Aim of the task:
The whole listing is to be given again without alteration, except that its pictures are dropped.

━━ Provided material ━━

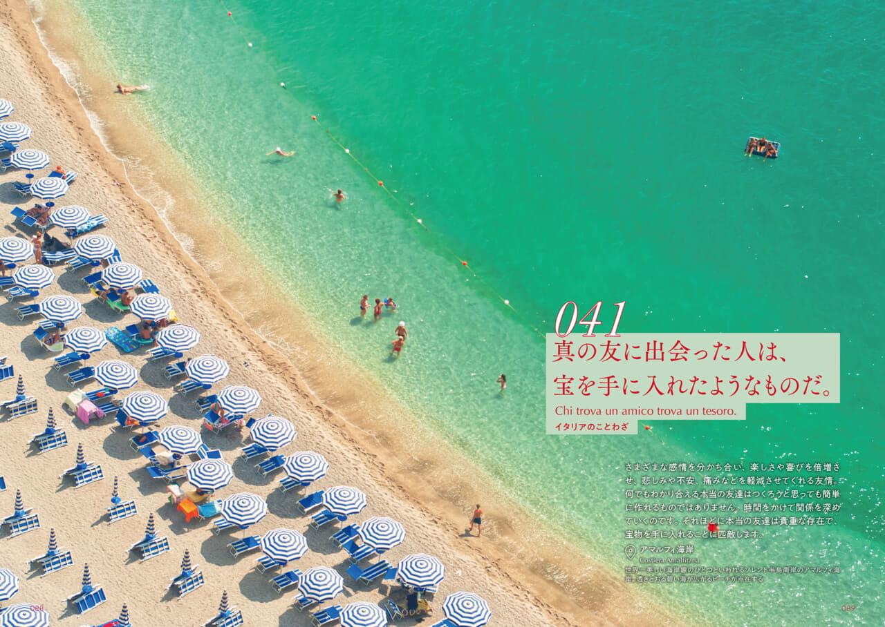 名言とともに紹介する100の写真は、ことばに関する場所や偉人ゆかりの町もあれば、ことばのイメージにぴったりのスポットやモチーフまで実にさまざま。イタリアで絶対に訪れてもらいたい観光名所はもちろん、編集者イチオシの知られざる絶景まで、魅力あふれる土地を掲載しています。各ページには写真の場所紹介や解説もあるので、旅先選びの参考にもおすすめ!
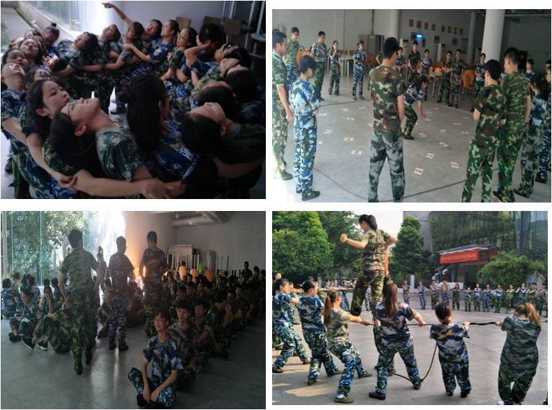 在12天的军事综合素质拓展训练中,学生们创作了自己团队的名字、队训、队雕、队徽以及队歌,围绕着团队文化紧紧的凝聚在一起,满怀激情地投入到老师和教官们精心准备的队列训练、拓展项目、电影、讲座等一系列拓展活动中。
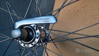 Cerchio Ambrosio Evolution da 28 pollici, mozzo Shimano 105 leggermente macchiato su un lato.
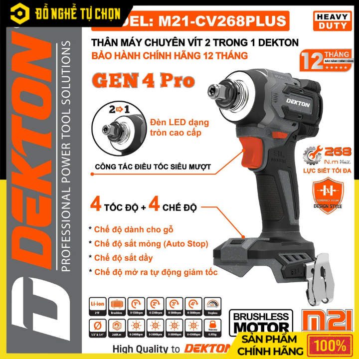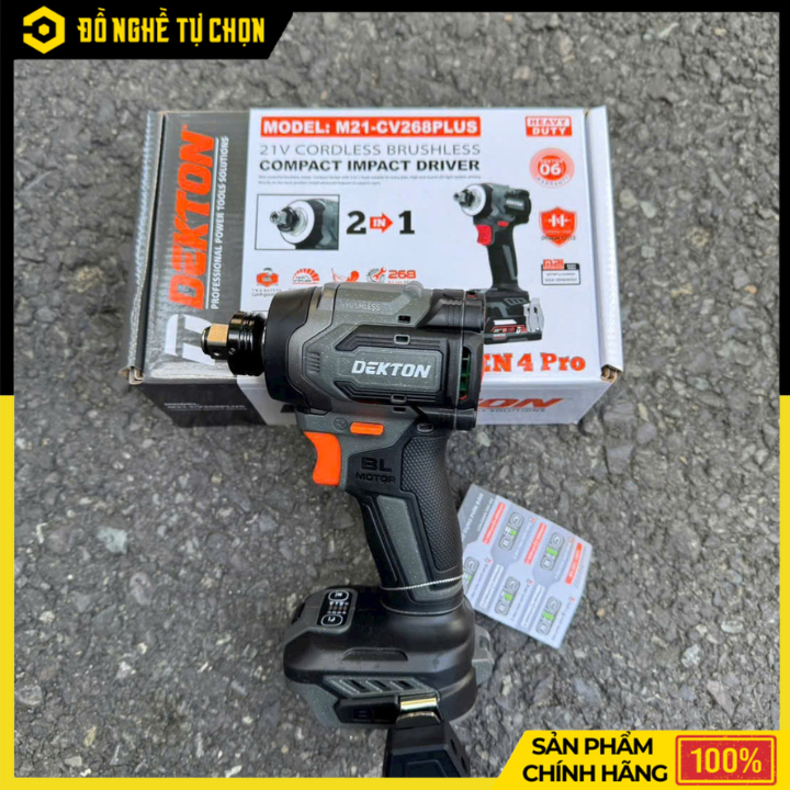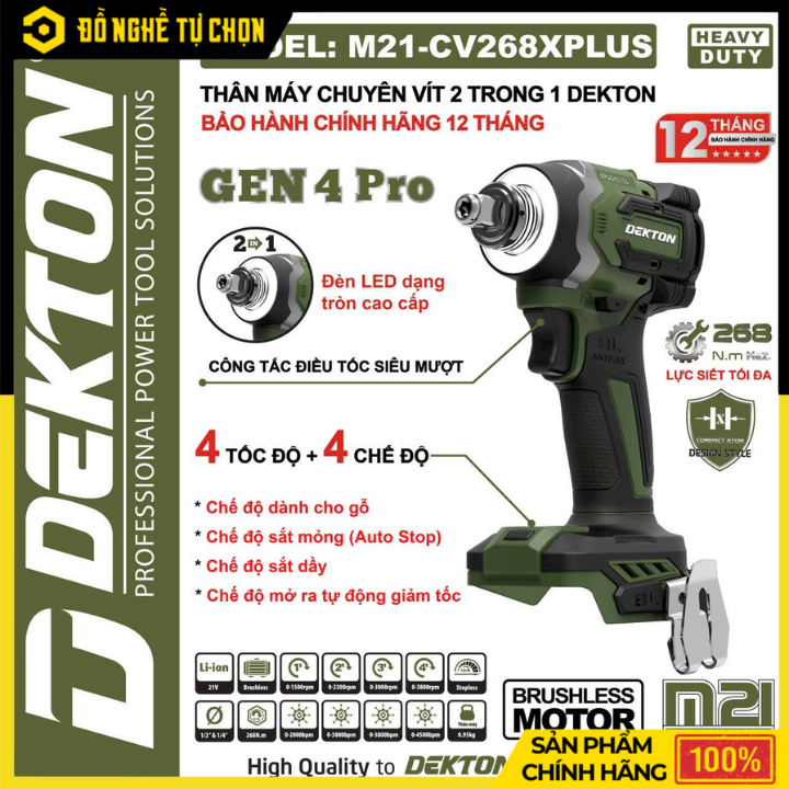 Máy siết bu lông Dekton M21-CV268PLUS là dòng máy không chổi than mạnh mẽ, chuyên dùng cho sửa chữa xe, cơ khí, công trình và dân dụng. Thiết kế nhỏ gọn, lực siết khỏe, độ bền cao – phù hợp cho cả thợ chuyên và người dùng gia đình.

━━━

Task output:
 名言とともに紹介する100の写真は、ことばに関する場所や偉人ゆかりの町もあれば、ことばのイメージにぴったりのスポットやモチーフまで実にさまざま。イタリアで絶対に訪れてもらいたい観光名所はもちろん、編集者イチオシの知られざる絶景まで、魅力あふれる土地を掲載しています。各ページには写真の場所紹介や解説もあるので、旅先選びの参考にもおすすめ!
 在12天的军事综合素质拓展训练中,学生们创作了自己团队的名字、队训、队雕、队徽以及队歌,围绕着团队文化紧紧的凝聚在一起,满怀激情地投入到老师和教官们精心准备的队列训练、拓展项目、电影、讲座等一系列拓展活动中。
 Cerchio Ambrosio Evolution da 28 pollici, mozzo Shimano 105 leggermente macchiato su un lato.
 Máy siết bu lông Dekton M21-CV268PLUS là dòng máy không chổi than mạnh mẽ, chuyên dùng cho sửa chữa xe, cơ khí, công trình và dân dụng. Thiết kế nhỏ gọn, lực siết khỏe, độ bền cao – phù hợp cho cả thợ chuyên và người dùng gia đình.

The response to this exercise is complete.